After years of experimentation on LVDC systems, I've found
stir speed the
be very important.
About 20 to 30 RPM seems ideal and is enough even for gallon
sized batches.
If it's not a gear motor, going that slow can be tough. Motors
don't like
to run slow.
Using a pulse width motor controller helps.
Stirring from the top down, you need a lot more RPM to reach
the bottom,
but that's too fast for the top.
Stirring from the bottom up is much better.
Magnetically coupled lab stirrers are great, but none are made
that go
slow enough. [Except the ones I make and I make them because I
can't buy
one anywhere]
So, why isn't fast good?
What happens is this: [Grey Fuzzies]
Hydrogen bubbles compress on the side of the electrodes that face
the
current and get really sticky.
Silver particles in that water current impact the hydrogen bubbles
and
get caught in the surface tension of those bubbles and form a
semi solid
skin that is semi conductive.
The bubble stabilizes on the electrode and won't bubble off,
the skin
[being a semiconductor] grows another bubble and the process continues
till
you have a big grey beard of crud growing into the direction of
the water
on round electrodes or just behind the edge in an eddie current
on flat
electrodes that drops off into the water when trying to remove
the electrode.
The bubble structures that don't fall off, pop when meeting
the surface
tension of the water and all that silver transfers to that spot
making a
big silver slick.
Slowing the water down prevents all that.

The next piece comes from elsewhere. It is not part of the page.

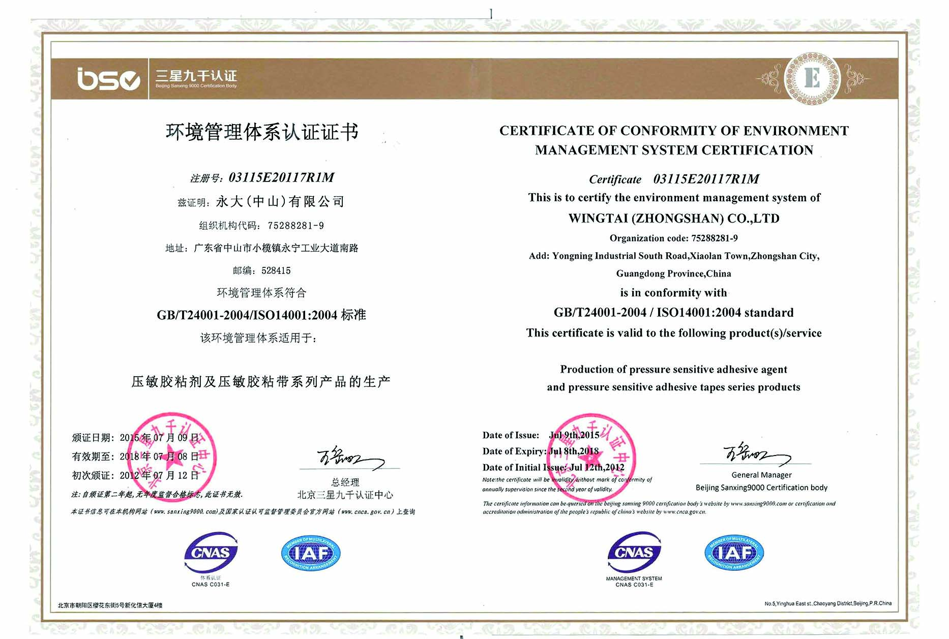 连续18年通过ISO9001和ISO14001双体系再认证审核。

Both systems work well and one hasn't superceded the other,
but the magnetically coupled system will stir more water at the
proper velocity and that velocity can be easily adjusted with
spinner size.
Downside: It does have moving parts that could eventually wear
out. [and it's more expensive]
Stirring from the top down requires a high water velocity to
make the vortex reach the bottom in tall containers.
Stir too fast where the electrodes are and you get a lot of bearding.[The
dreaded grey fuzzies]
It also exposes the stir motor to water vapor that tends to corrode
the motor bearings after a year or so. [As I found out the hard
way]
With the magnetic system, that's not a problem at all.
Some people use bubblers and they work OK. Bubbles go from
bottom to top quite nicely.
Downside: Any air borne contaminants dissolve into the water quite
well.
High levels of sulphur dioxide air pollution can be a big problem
with silver. [tarnish]
A small problem is carbon dioxide acidifying the water a little
and possible light sensitive silver carbonate formation.